SPRINGFIELD, Ill. — An aide who booked travel and submitted expense vouchers for former U.S. Rep. Aaron Schock testified Wednesday before a federal grand jury investigating allegations of improper spending by the onetime rising Republican star.

Sarah Rogers spent a total of five hours in the courthouse, but her attorney, Bill Coffield, said she was not testifying the entire time. Rogers would not answer questions from The Associated Press.

Rogers, who was Schock’s executive assistant on Capitol Hill, is one of at least six former staffers seen at the federal building during grand jury proceedings since the probe of the 33-year-old Peoria politician’s spending began last month.

Schock, in his fourth term, was considered an emerging GOP power and proved his mettle as a fundraiser. He resigned in March after a series of reports raising questions about travel, improper mileage reimbursements, trips on donors’ aircraft, and lavish spending, such as the remodeling of his Capitol office to mimic “Downton Abbey,” depicted in the PBS television series.

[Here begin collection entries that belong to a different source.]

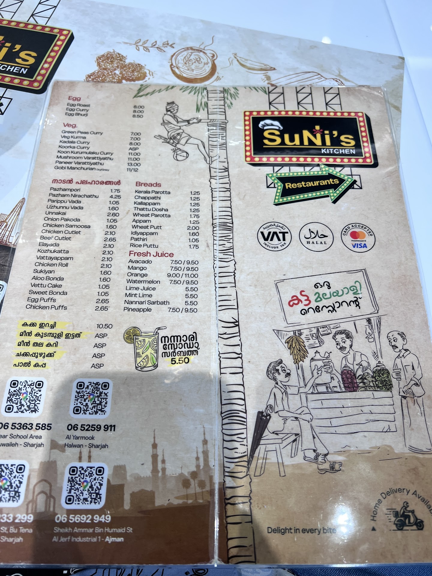 Sunis Kitchen in Yarmook, Sharjah, is an absolute culinary paradise that transports you to the flavors of Kerala. From the moment you step through the doors, you are greeted with warmth and a genuine passion for creating remarkable dining experiences.
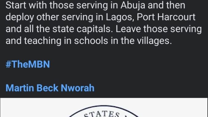 “Start with those serving in Abuja and then deploy other serving in Lagos, Port Harcourt and all the state capitals. Leave those serving and teaching in schools in the villages”, The post reads in part.
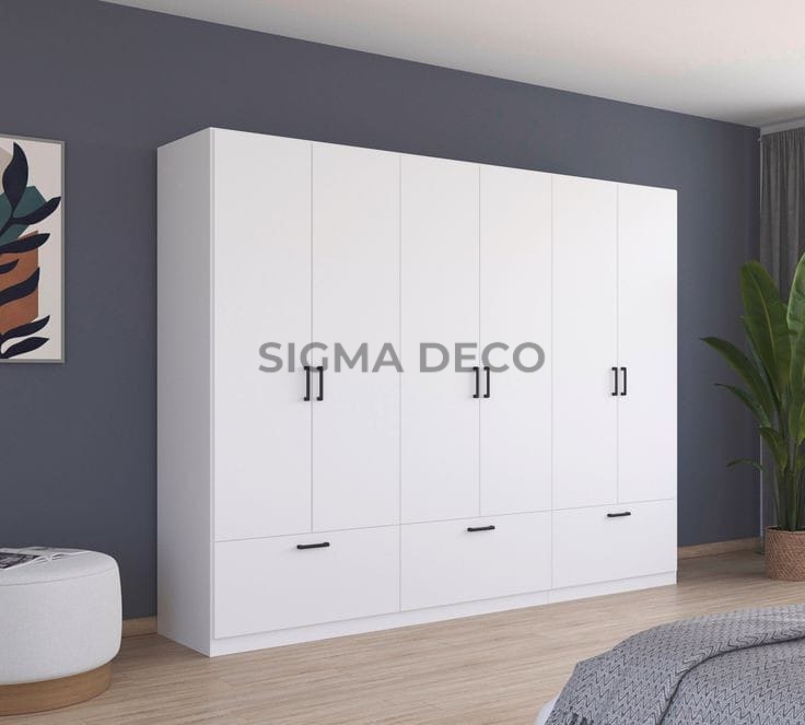 Très Grande Armoire Blanche 6 Portes & 3 Tiroirs – Max. Rangement
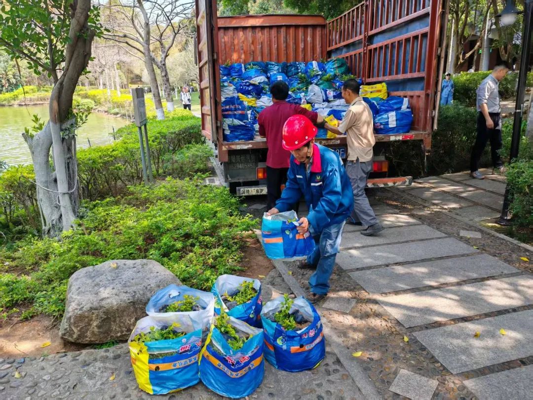 春回大地,草木蔓发。春季既是绿地养护管理工作的关键时期,也是苗木补栽补种的黄金期,针对思明校区部分区域存在缺株断垄和地表裸露的现象,公环中心绿化保洁部紧抓春季苗木补植有利时机,以净化、绿化、美化为抓手,组织开展春季绿植补栽补种工作,进一步提升思明校区绿化景观效果,助力美丽校园建设。

An affidavit from former Schock adviser Benjamin Cole, submitted last week to federal prosecutors and obtained by The Associated Press, indicated that Rogers was “responsible for booking staff travel and submitting travel reimbursement requests for payment.”

Coffield said Rogers has nothing to fear, despite her former role. “If I had any real concerns, she wouldn’t be testifying,” he said. He would not comment on the jury’s questions, other than to characterize them as covering subjects news media have reported.

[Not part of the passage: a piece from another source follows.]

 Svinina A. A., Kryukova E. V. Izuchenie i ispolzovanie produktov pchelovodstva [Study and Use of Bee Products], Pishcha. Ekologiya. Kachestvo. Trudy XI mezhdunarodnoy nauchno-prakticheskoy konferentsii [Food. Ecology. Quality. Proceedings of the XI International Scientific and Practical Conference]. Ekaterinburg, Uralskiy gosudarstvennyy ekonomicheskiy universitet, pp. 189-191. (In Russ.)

The affidavit supplemented Cole’s May 6 grand jury testimony and detailed an April 2014 flight he took with Schock from Washington, D.C., to Peoria on a private plane. Cole said the trip prompted him in late winter, after media scrutiny had begun, to voice concern to Schock’s chief of staff about whether it violated federal election laws or congressional ethics rules.

Based on required reporting to the U.S. House speaker, the Justice Department has subpoenaed at least seven former Schock staff members. But grand jury proceedings are secret, and the U.S. attorney’s office for Illinois’ central district will neither confirm nor deny an investigation.

Besides Cole, other staffers seen at the courthouse in May were Schock’s personal photographer, Jonathon Link, and the congressman’s former district chief of staff, Dayne LaHood. LaHood declined to comment.

Kelli Ripp, a former Schock legislative assistant, and Margie Almanza, a Washington-based assistant, also arrived and left during May grand jury proceedings. Neither would speak to a reporter before departing in a vehicle driven by Urbana attorney Steven Beckett, who later declined comment.

Among reports about Schock’s spending were Associated Press investigations of real estate deals, air travel and spending on entertainment, including events he documented on his Instagram social media account. Politico and other news organizations reported Schock’s unusually generous reimbursements for personal auto mileage.

The government reported last week that Schock reimbursed taxpayers for $122,590 in expenses, which included $35,000 to an Illinois decorator for the office remodeling; $86,000 for six years’ worth of mileage reimbursements; and $1,200 for a commercial flight from Peoria to a Chicago Bears football game.